GPGPU-Sim has to be run with NVDIA CUDA and does not support the CUDA versions larger than 4.0. Hence, we should first install NVDIA CUDA 4.0. The linux OS in my computer is Ubuntu 18.04, and the gcc version is 7.3.0. To install NVDIA CUDA 4.0, please do the following setps.

1) Download the CUDA Toolkit for Ubuntu Linux 10.10 and GPU Computing SDK code samples from the NVDIA website.

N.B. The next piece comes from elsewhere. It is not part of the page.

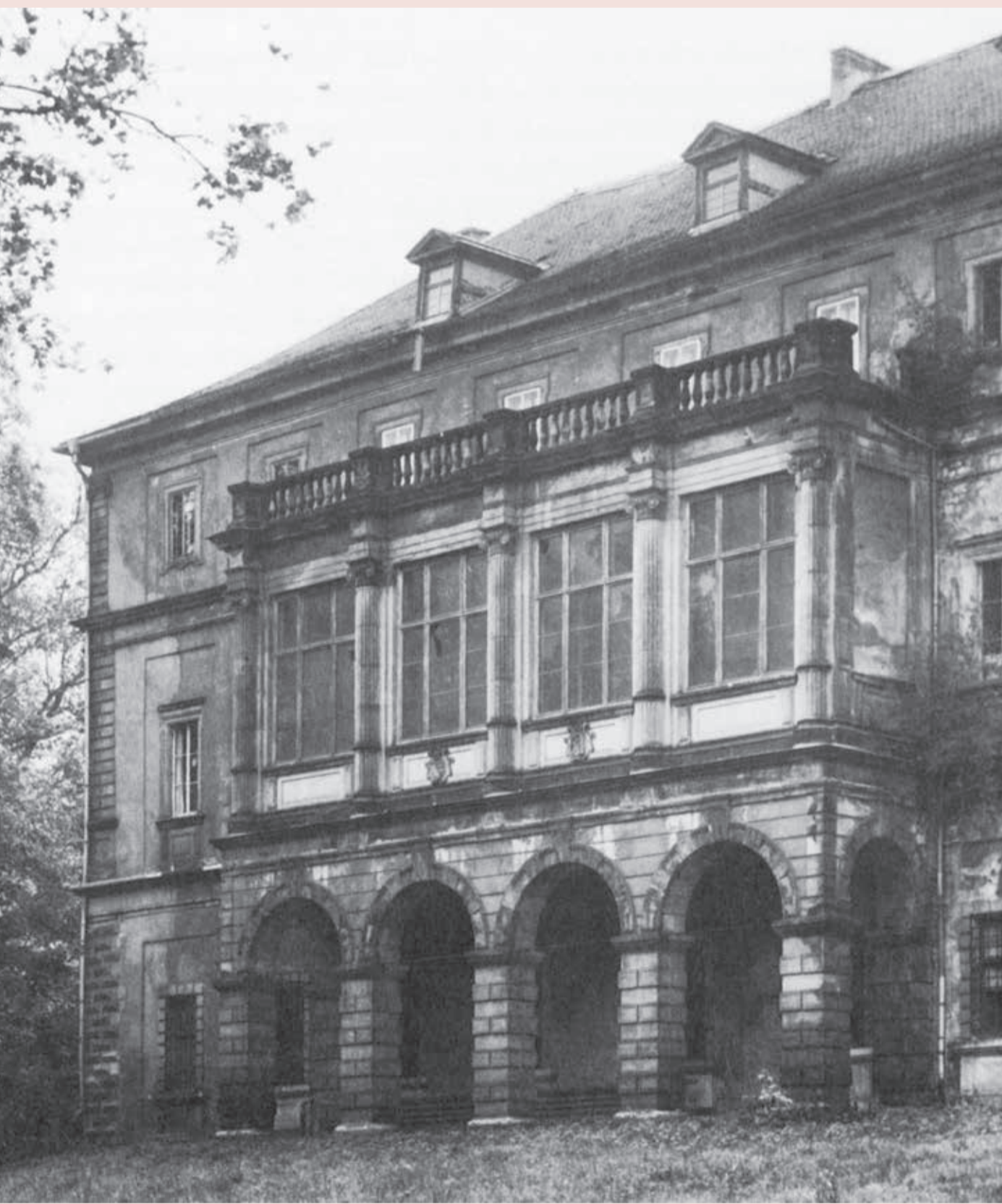
Архів Гете-Шіллера у Ваймарі

2) Install CUDA Toolkit for Ubuntu Linux 10.10 first:

chmod +x cudatoolkit_4.0.17_linux_64_ubuntu10.10.run
sudo ./cudatoolkit_4.0.17_linux_64_ubuntu10.10.run

The CUDA Toolkit has been installed in the path of /usr/local/cuda in default.

3) Add the path of CUDA Toolkit into the ~/.bashrc file:

echo 'export PATH=$PATH:/usr/local/cuda/bin' >> ~/.bashrc
echo 'export LD_LIBRARY_PATH=$LD_LIBRARY_PATH:/usr/local/cuda/lib:/usr/local/cuda/lib64' >> ~/.bashrc
source ~/.bashrc

4) Install GPU Computing SDK code samples:

chmod +x gpucomputingsdk_4.0.17_linux.run
sudo ./gpucomputingsdk_4.0.17_linux.run

The GPU Computing SDK has been installed in the path of ~/NVIDIA_GPU_Computing_SDK in default.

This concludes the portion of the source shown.